Look, when we talk about common and preferred shares, we are talking about two completely different ways of owning a company. Common shares are the most well-known, the ones we all imagine when we think of the stock market. They give you voting rights at shareholder meetings, which means you have a voice in important decisions like electing executives. The trade-off is that your dividends vary depending on how well the company performs, and in case of bankruptcy, you are among the last in line to recover your money.

Preferred shares work differently. Here, you sacrifice voting power, but in return, you get more stable and predictable dividends, almost like a fixed income. In a liquidation, you have priority over common shareholders, although creditors and bondholders come first. It’s an interesting balance between debt and equity characteristics.

There are variants within each type. In preferred shares, there are cumulative (where unpaid dividends accumulate), convertible (which you can exchange for common shares under certain conditions), and redeemable (which the company can buy back). In common shares, there are also multiple classes with different voting rights, allowing certain groups to maintain disproportionate control.

Now, here’s where it gets interesting for understanding the real market. Look at the numbers of the S&P U.S. Preferred Stock Index versus the S&P 500 over the last five years. The preferred index fell 18.05% while the S&P 500 rose 57.60%. That’s no coincidence. Preferred shares are sensitive to interest rate changes because their fixed dividends lose appeal when rates go up. It’s almost like comparing bonds with growth stocks.

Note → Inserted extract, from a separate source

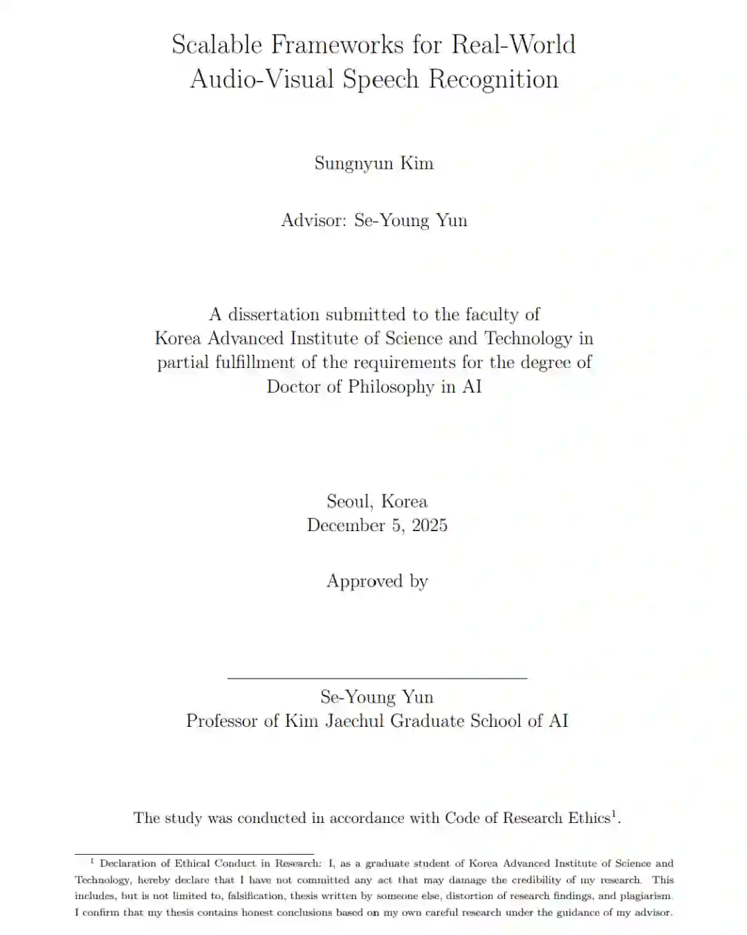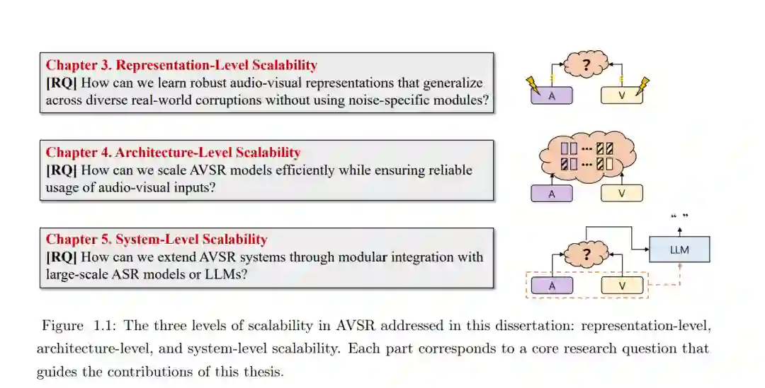 音视联合语音识别(Audio-Visual Speech Recognition,AVSR)系统在实际部署中面临着根本性的挑战:在真实世界环境下,由于不可预测的声学噪声和视觉干扰,其性能往往出现显著退化。本文指出,要克服这些挑战,必须采用一种系统化、分层式的方法,从表示、架构和系统三个层面实现稳健且可扩展的能力。 在表示层面,本文研究了构建统一模型的方法,使其能够学习对多种真实世界扰动具有内在鲁棒性的音视特征表示,从而在无需引入特定场景或任务专用模块的情况下,实现对新环境的有效泛化能力。 在架构层面,针对模型可扩展性问题,本文探索了在保证多模态输入自适应且可靠利用的前提下,高效扩展模型容量的方法,提出了一种能够根据输入特性智能分配计算资源的框架,以提升多模态建模的效率与稳定性。 在系统层面,本文进一步提出通过与大规模基础模型的模块化集成来扩展系统功能的方法,充分利用其强大的认知与生成能力,从而最大化最终的语音识别准确率。 通过在上述三个层面上系统性地提出解决方案,本文旨在构建一套面向下一代的、稳健且可扩展的 AVSR 系统,以满足真实世界应用中对高可靠性的严格需求。 关键词:音视联合语音识别,多模态表示学习,混合专家模型,生成式错误校正,大语言模型

For aggressive investors seeking long-term growth, common shares are the way to go. You accept volatility in exchange for potential real appreciation. But if you are in capital preservation or near retirement, preferred shares offer a more predictable income stream and less stress from market fluctuations.

The smart strategy here is diversification. Combine both types according to your risk profile and time horizon. If you have time, you can afford more common shares. If you need regular income, preferred shares make sense. The S&P U.S. Preferred Stock Index accounts for approximately 71% of the market for preferred shares traded in the United States, so it’s an important segment you shouldn’t ignore.

If you want to start investing in common and preferred shares, the process is straightforward. Find a regulated and trustworthy broker, open your account, carefully analyze the company you’re interested in, and execute your order. You can choose market or limit orders depending on your strategy. Some brokers also offer CFDs on these shares if you prefer not to hold the titles in your portfolio.

The key is to understand that common and preferred shares serve different purposes in your portfolio. It’s not that one is better than the other; each fits a different investor profile. The market numbers clearly demonstrate this.